Ein gelungenes Porträt zeigt die Persönlichkeit einer Person authentisch und mehrdimensional, indem sie aus verschiedenen Blickwinkeln beleuchtet und ihr Denken und Handeln anschaulich beschrieben wird. Dafür ist ein hohes Maß an Vorarbeit, Sorgfalt und Einfühlungsvermögen nötig. Das letztendliche Ziel ist es, dem Leser die porträtierte Person möglichst nahe zu bringen: In einem guten Portrait gibt ein Journalist die Handlungen, Gefühle, Stimmung und Sinneseindrücke aus dem Kontext so wirklichkeitsgetreu wieder, dass der Leser das Gefühl hat, den Porträtierten für eine Weile zu begleiten.
Personen, Themen und Anlässe für ein Porträt
Porträtiert werden häufig Personen, die in der Öffentlichkeit stehen – zum Beispiel Politiker -, aber auch unbekannte Personen mit einer außergewöhnlichen Geschichte oder Lebensform. Entsprechend kann ein Porträt einerseits dazu dienen, eine bekannte Person abzulichten und der Öffentlichkeit näherzubringen, andererseits können bestimmte Themen mithilfe des Porträts einer beteiligten (unbekannten) Person veranschaulicht werden.
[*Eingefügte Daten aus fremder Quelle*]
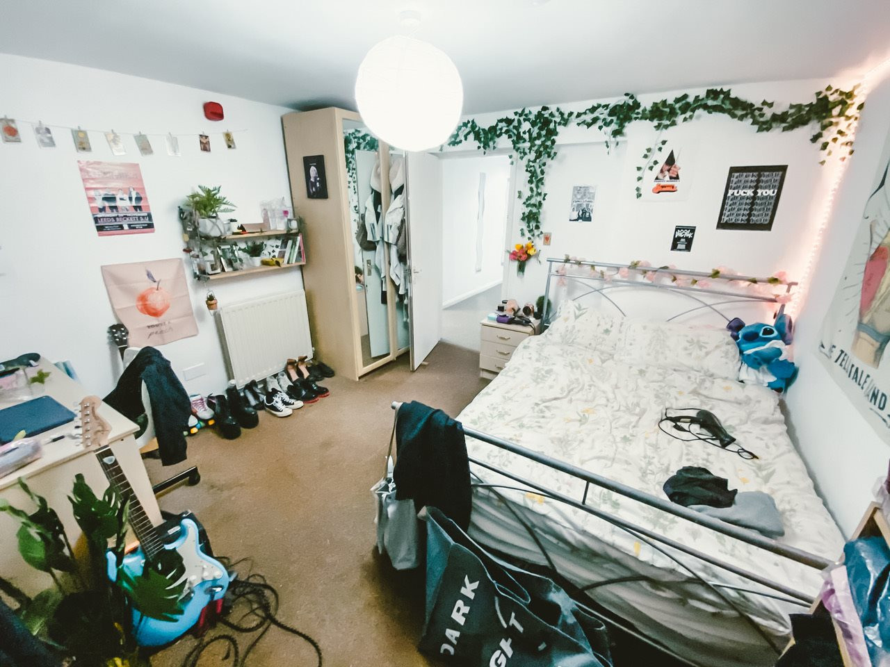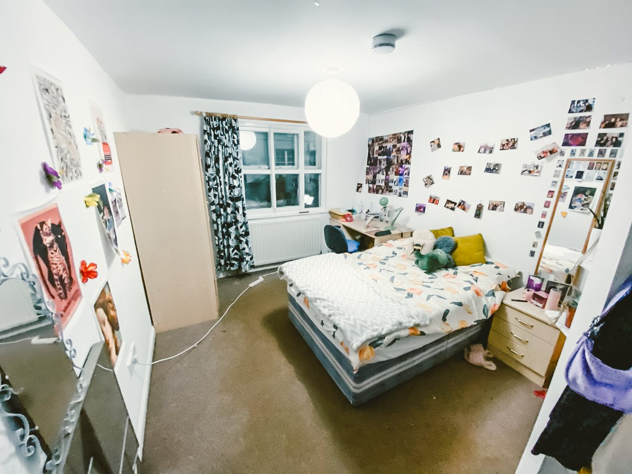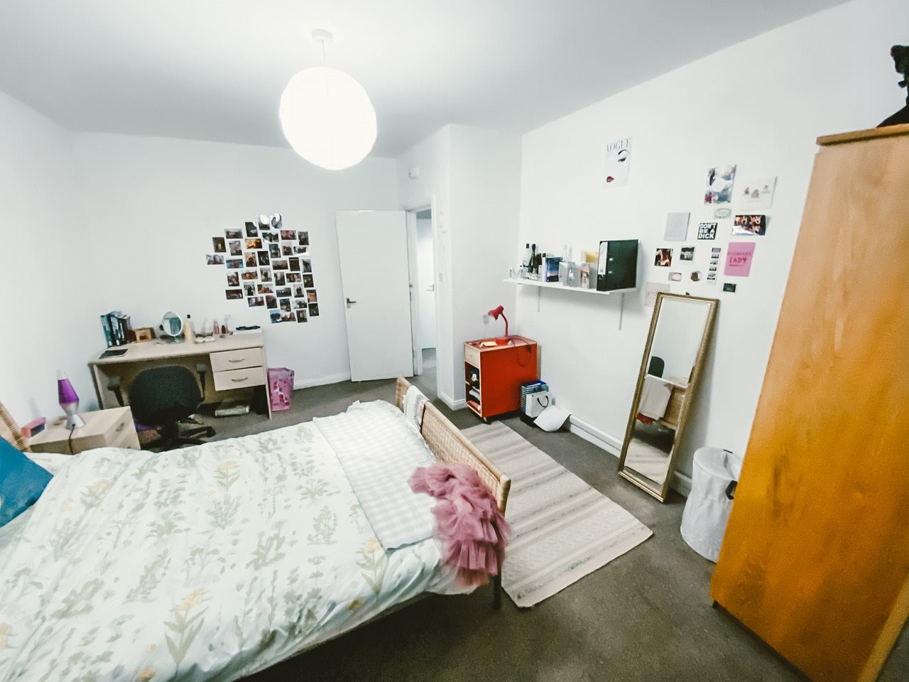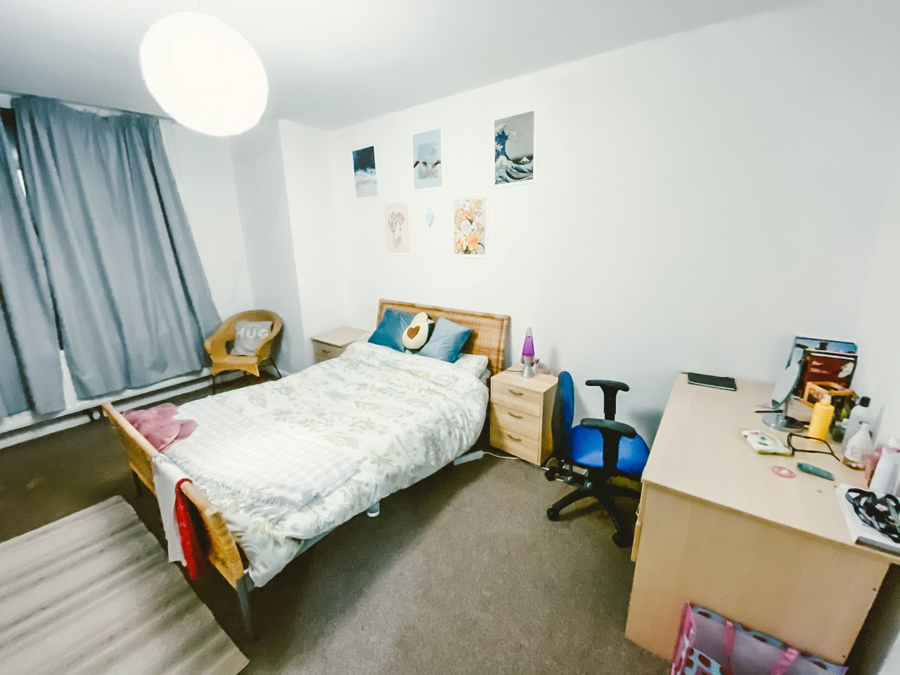- Bedroom furniture: bed, desk, desk chair, wardrobe, and drawers

Meist gibt es einen Anlass für ein Porträt – beispielweise ein Jubiläum, eine anstehende Wahl oder ein neues Album bei bekannten Personen; politische, soziale oder sonstige Themen von Interesse bei unbekannten Personen. In beiden Fällen wird zunächst ein zentraler Aspekt aus dem Leben des Porträtierten herausgegriffen.
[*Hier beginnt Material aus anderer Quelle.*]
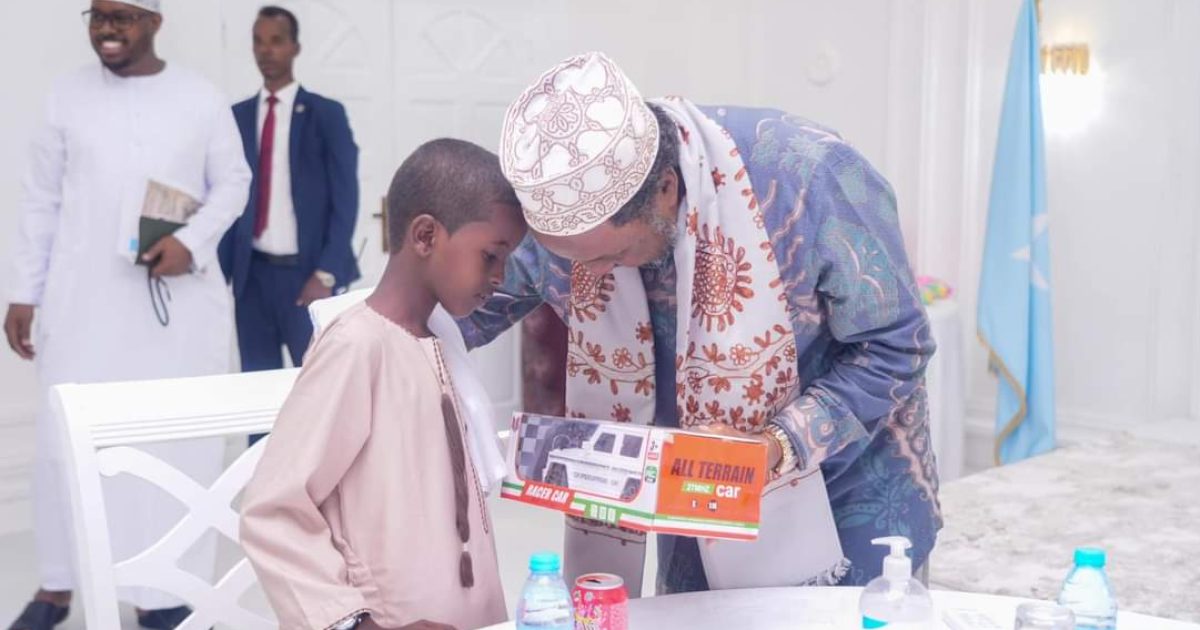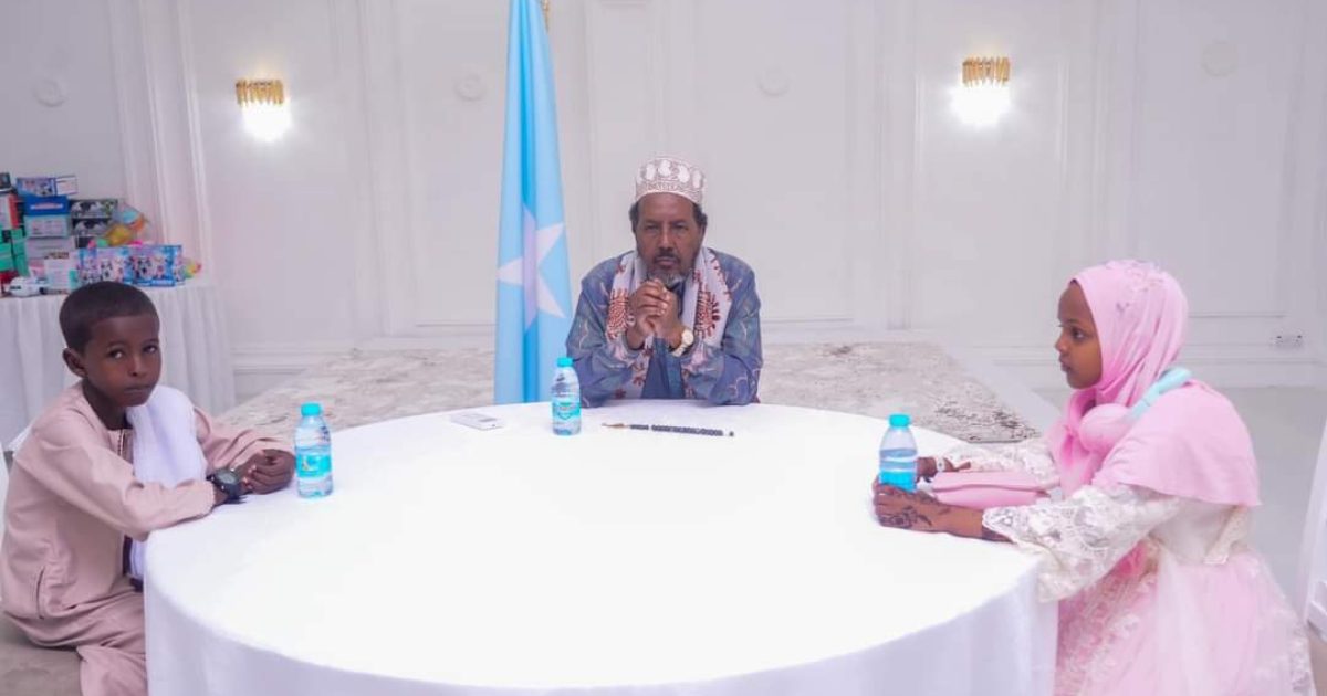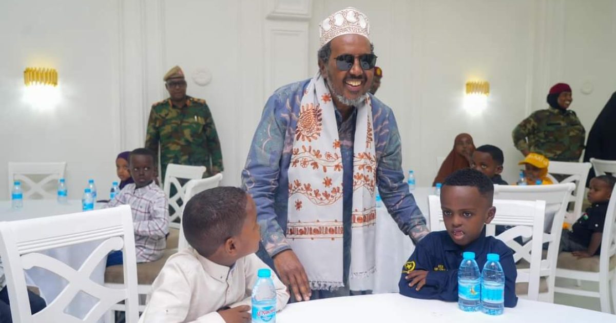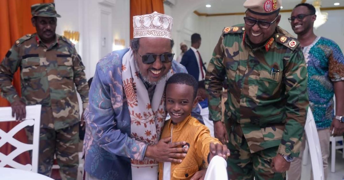 Madaxweynaha Jamhuuriyadda Federaalka Soomaaliya Mudane Xasan Sheekh Maxamuud oo maanta farxadda Munaasabadda Ciidul fidriga la qaatay qaar ka mid carruurta Halyeeyadii ku shahiiday dagaalka dalka looga xoreynayo Khawaarijta ayaa tilmaamay in dowladdu ay joogteyn doonto xuquuq u gaar ah caruurta agoonta Ciidamada Qalabka Sida.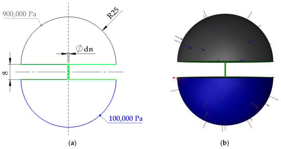 Model view: (a) dimensions and initial inlet and outlet boundaries, dn = 0.75 mm, nozzle diameter (0.75…5.00) mm; (b) model prepared in Ansys Fluent with defined inlet and outlet pressure boundaries.

Vorgehensweise beim Schreiben eines Porträts
Am Anfang steht die Recherche
Wie eine Reportage erzählt auch das Porträt eine Geschichte – die der Person im Zentrum, die aus möglichst vielen Perspektiven beleuchtet werden soll. Umfassendes Hintergrundwissen und Gespräche mit weiteren Personen aus dem Umfeld der zentralen Person sind darum die Grundvoraussetzung für ein gutes Porträt. Um gezielt Fragen stellen und Informationen verwerten zu können, steht am Anfang die Vorarbeit in Form von intensiver Recherche. Eine aus der Recherche hervorgehende These und ein Fragenkatalog dienen schließlich als roter Faden für das Porträt.
Treffen und Ortsplanung
Genauso wie ein Fotograf die Person vor Augen hat, müssen auch alle bildhaften Schilderungen im geschriebenen Porträt vom Autor selbst wahrgenommen werden. Nur so kann der für ein Porträt wichtige Kontext durch Körpersprache, Stimmung und die Umgebung der Situation eingefangen werden. Wie unabdingbar dieses Kriterium für eine saubere journalistische Arbeit ist, zeigte sich in einer Rücknahme des Henri-Nannen-Preises 2011: Der Preis für ein Porträt über Horst Seehofer wurde dem Journalisten wieder aberkannt, da es Schilderungen enthielt, die der Autor nicht selbst gesehen hatte – die einer Modelleisenbahn im Keller von Seehofers Ferienhaus. Eine Ausnahme bildet lediglich das sogenannte „kalte Porträt“, das ein echtes Kennenlernen einer Person unmöglich macht, z. B. weil sie bereits verstorben ist.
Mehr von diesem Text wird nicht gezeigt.